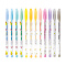 Набор гелевых ручек с чернилами металлик, 12 цветов, пищущий узел — 1 мм, упакованы в ПВХ чехол с европодвесом размерами 17,5х12х1,5 мм. Длина ручки с колпачком 149 мм, без колпачка 140 мм, длина стержня 130 мм. Диаметр корпуса 8 мм. Длина письма 1 ручки 250 - 300 м. Перед использованием рекомендовано встряхнуть ручку вниз пишущим узлом.
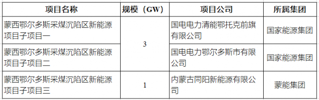 蒙西鄂爾多斯采煤沉陷區(qū)新能源項目共分三個子項目。其中,國家能源集團獲得兩個子項目,總規(guī)模為3GW,蒙能集團獲得一個子項目,規(guī)模為1GW。
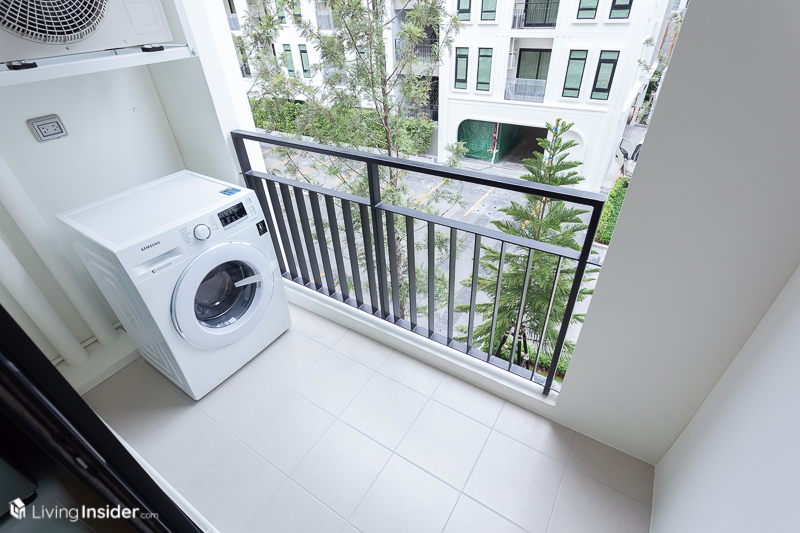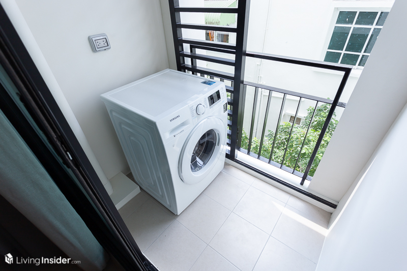 ประกอบกับระเบียงได้ประตูกระจกใสแบบบานเลื่อนยิ่งทำให้ห้องดูไม่อึดอัด ข้างนอกระเบียงไว้วางเครื่องซักผ้าและยังพอมีพื้นที่ให้วางราวตากผ้าได้อีกนิดหน่อย
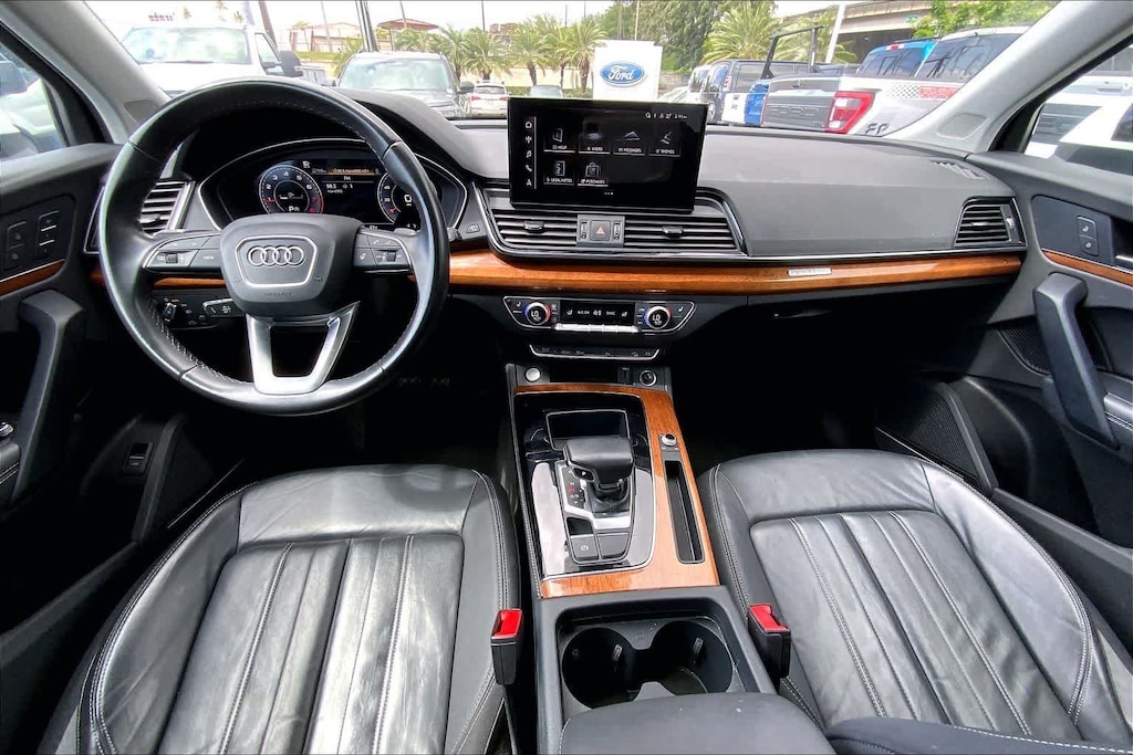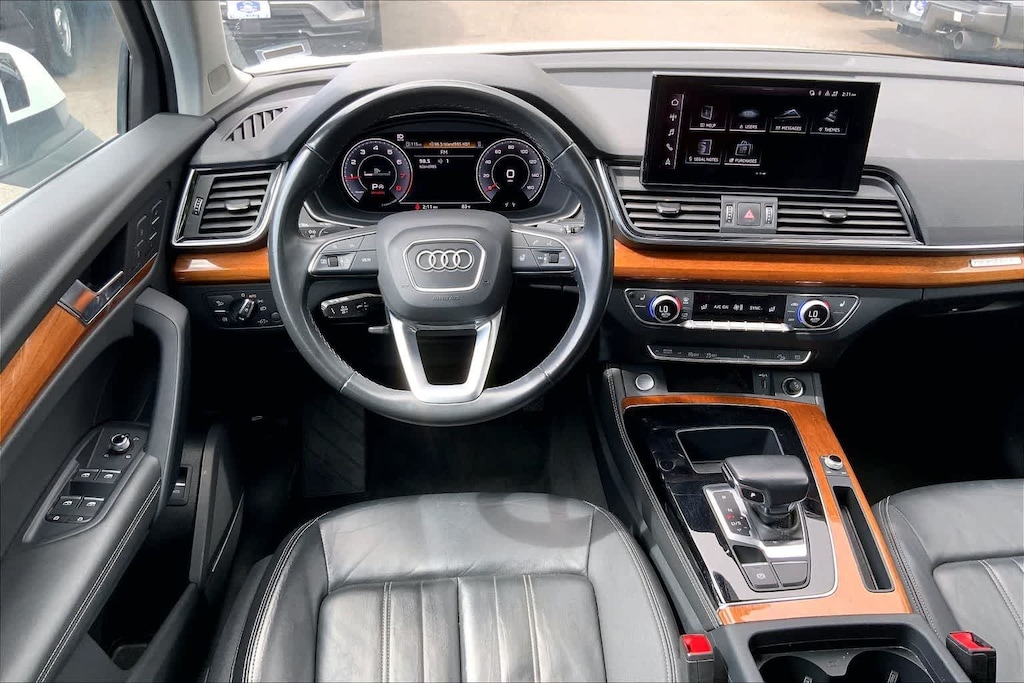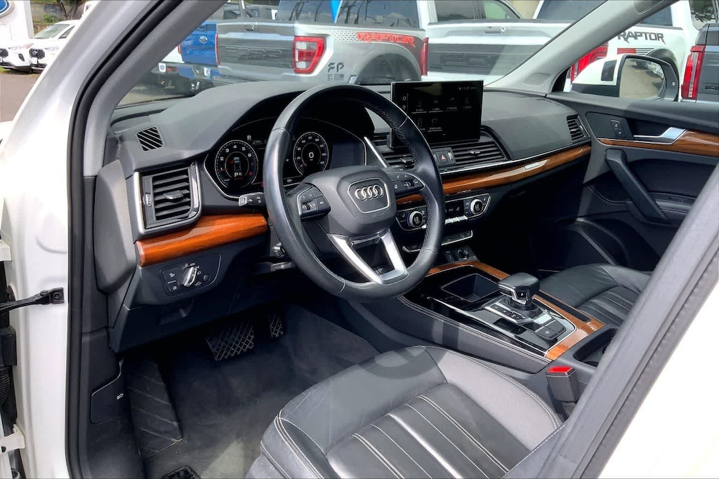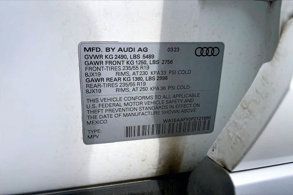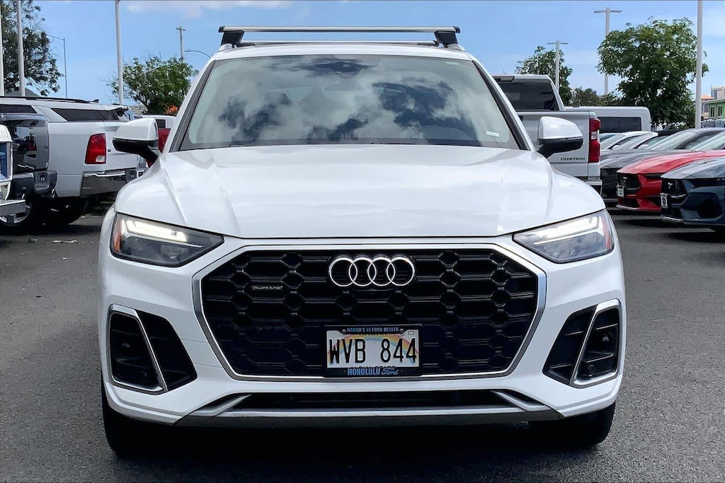 STATE SAFETY INSPECTION COMPLETE!, APPLE CAR PLAY/ANDROID AUTO, BLUETOOTH HANDS FREE CALLING, ONE OWNER!!, ACCIDENT FREE CARFAX!, *PANORAMIC ROOF, *LEATHER SEATS*, *HEATED SEATS, *VENTILATED/AC/COOLED SEATS, BACK-UP CAMERA, 360 SURROUND VISION CAMERA, EXTRA CLEAN, WELL TAKEN CARE OF, EXCELLENT FUEL ECONOMY, PREMIUM WHEELS, EXCELLENT CONDITION!, EXCELLENT SERVICE HISTORY!!, ADAPTIVE CRUISE CONTROL, PARKING SENSORS, UPGRADED WHEELS, TOUCH SCREEN, Black w/Leather Seating Surfaces, 10 Speakers, 4-Wheel Disc Brakes, 5.302 Axle Ratio, ABS brakes, Air Conditioning, Alloy wheels, AM/FM radio, Auto-dimming Rear-View mirror, Automatic temperature control, Brake assist, Bumpers: body-color, Compass, Delay-off headlights, Driver door bin, Driver vanity mirror, Dual front impact airbags, Dual front side impact airbags, Electronic Stability Control, Emergency communication system: Audi connect CARE, Exterior Parking Camera Rear, Four wheel independent suspension, Front anti-roll bar, Front Bucket Seats, Front Center Armrest, Front dual zone A/C, Front fog lights, Front reading lights, Garage door transmitter: HomeLink, Genuine wood console insert, Genuine wood dashboard insert, Genuine wood door panel insert, Heated 8-Way Power Front Bucket Seats, Heated door mirrors, Heated front seats, Illuminated entry, Leather Seating Surfaces, Leather Shift Knob, Low tire pressure warning, Occupant sensing airbag, Outside temperature display, Overhead airbag, Overhead console, Panic alarm, Passenger door bin, Passenger vanity mirror, Power door mirrors, Power driver seat, Power Liftgate, Power passenger seat, Power steering, Power windows, Radio data system, Radio: Audi Sound System, Rain sensing wipers, Rear air conditioning, Rear anti-roll bar, Rear fog lights, Rear reading lights, Rear seat center armrest, Rear window defroster, Rear window wiper, Remote keyless entry, Roof rack, Security system, Speed control, Speed-sensing steering, Speed-Sensitive Wipers, Split folding rear seat, Spoiler, Steering wheel mounted audio controls, Tachometer, Telescoping steering wheel, Tilt steering wheel, Traction control, Trip computer, Turn signal indicator mirrors, Variably intermittent wipers, Wheels: 18 5-Arm-Turbine Design, 4-Wheel Drive/All-Wheel Drive, Black w/Leather Seating Surfaces. Recent Arrival! CARFAX One-Owner. Clean CARFAX. Glacier White Metallic 2023 Audi Q5 45 S line Premium quattro quattro 7-Speed Automatic S tronic 2.0L Turbocharged
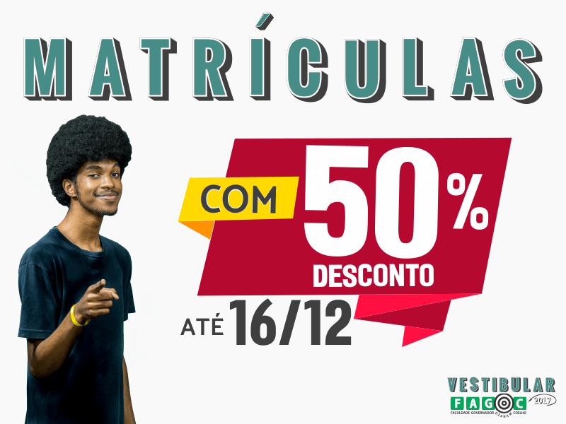 Os aprovados no Vestibular 2017 da Fagoc recebem, até essa sexta-feira (16), 50% de desconto na matrícula da graduação. Esse desconto é válido para todos os cursos ofertados no processo seletivo realizado no dia 3 de dezembro. Além disso, os candidatos que se matricularem dentro desse prazo recebem o mesmo desconto (50%) na rematrícula do segundo semestre de 2017.
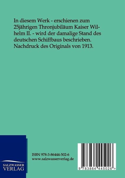 In diesem Werk - erschienen zum 25jährigen Thronjubiläum Kaiser Wilhelm II. - wird der damalige Stand des deutschen Schiffbaus beschrieben. Nachdruck des Originals von 1913.
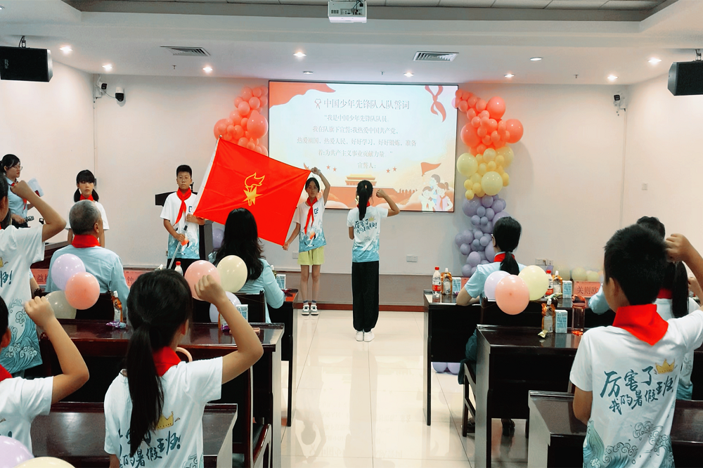 领誓人程雅晗同学带领队员在队旗下重温中国少年先锋队入队誓词。
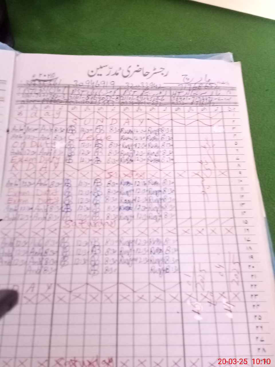 | CNIC | Full Name | Designation | R/C | Absence During Last Calender Month |

Problem details | Pictures aside, retype the entries above exactly as they are.

Solution for this problem |
 Набор гелевых ручек с чернилами металлик, 12 цветов, пищущий узел — 1 мм, упакованы в ПВХ чехол с европодвесом размерами 17,5х12х1,5 мм. Длина ручки с колпачком 149 мм, без колпачка 140 мм, длина стержня 130 мм. Диаметр корпуса 8 мм. Длина письма 1 ручки 250 - 300 м. Перед использованием рекомендовано встряхнуть ручку вниз пишущим узлом.
 蒙西鄂爾多斯采煤沉陷區(qū)新能源項目共分三個子項目。其中,國家能源集團獲得兩個子項目,總規(guī)模為3GW,蒙能集團獲得一個子項目,規(guī)模為1GW。
 ประกอบกับระเบียงได้ประตูกระจกใสแบบบานเลื่อนยิ่งทำให้ห้องดูไม่อึดอัด ข้างนอกระเบียงไว้วางเครื่องซักผ้าและยังพอมีพื้นที่ให้วางราวตากผ้าได้อีกนิดหน่อย
 STATE SAFETY INSPECTION COMPLETE!, APPLE CAR PLAY/ANDROID AUTO, BLUETOOTH HANDS FREE CALLING, ONE OWNER!!, ACCIDENT FREE CARFAX!, *PANORAMIC ROOF, *LEATHER SEATS*, *HEATED SEATS, *VENTILATED/AC/COOLED SEATS, BACK-UP CAMERA, 360 SURROUND VISION CAMERA, EXTRA CLEAN, WELL TAKEN CARE OF, EXCELLENT FUEL ECONOMY, PREMIUM WHEELS, EXCELLENT CONDITION!, EXCELLENT SERVICE HISTORY!!, ADAPTIVE CRUISE CONTROL, PARKING SENSORS, UPGRADED WHEELS, TOUCH SCREEN, Black w/Leather Seating Surfaces, 10 Speakers, 4-Wheel Disc Brakes, 5.302 Axle Ratio, ABS brakes, Air Conditioning, Alloy wheels, AM/FM radio, Auto-dimming Rear-View mirror, Automatic temperature control, Brake assist, Bumpers: body-color, Compass, Delay-off headlights, Driver door bin, Driver vanity mirror, Dual front impact airbags, Dual front side impact airbags, Electronic Stability Control, Emergency communication system: Audi connect CARE, Exterior Parking Camera Rear, Four wheel independent suspension, Front anti-roll bar, Front Bucket Seats, Front Center Armrest, Front dual zone A/C, Front fog lights, Front reading lights, Garage door transmitter: HomeLink, Genuine wood console insert, Genuine wood dashboard insert, Genuine wood door panel insert, Heated 8-Way Power Front Bucket Seats, Heated door mirrors, Heated front seats, Illuminated entry, Leather Seating Surfaces, Leather Shift Knob, Low tire pressure warning, Occupant sensing airbag, Outside temperature display, Overhead airbag, Overhead console, Panic alarm, Passenger door bin, Passenger vanity mirror, Power door mirrors, Power driver seat, Power Liftgate, Power passenger seat, Power steering, Power windows, Radio data system, Radio: Audi Sound System, Rain sensing wipers, Rear air conditioning, Rear anti-roll bar, Rear fog lights, Rear reading lights, Rear seat center armrest, Rear window defroster, Rear window wiper, Remote keyless entry, Roof rack, Security system, Speed control, Speed-sensing steering, Speed-Sensitive Wipers, Split folding rear seat, Spoiler, Steering wheel mounted audio controls, Tachometer, Telescoping steering wheel, Tilt steering wheel, Traction control, Trip computer, Turn signal indicator mirrors, Variably intermittent wipers, Wheels: 18 5-Arm-Turbine Design, 4-Wheel Drive/All-Wheel Drive, Black w/Leather Seating Surfaces. Recent Arrival! CARFAX One-Owner. Clean CARFAX. Glacier White Metallic 2023 Audi Q5 45 S line Premium quattro quattro 7-Speed Automatic S tronic 2.0L Turbocharged
 Os aprovados no Vestibular 2017 da Fagoc recebem, até essa sexta-feira (16), 50% de desconto na matrícula da graduação. Esse desconto é válido para todos os cursos ofertados no processo seletivo realizado no dia 3 de dezembro. Além disso, os candidatos que se matricularem dentro desse prazo recebem o mesmo desconto (50%) na rematrícula do segundo semestre de 2017.
 In diesem Werk - erschienen zum 25jährigen Thronjubiläum Kaiser Wilhelm II. - wird der damalige Stand des deutschen Schiffbaus beschrieben. Nachdruck des Originals von 1913.
 领誓人程雅晗同学带领队员在队旗下重温中国少年先锋队入队誓词。
 | CNIC | Full Name | Designation | R/C | Absence During Last Calender Month |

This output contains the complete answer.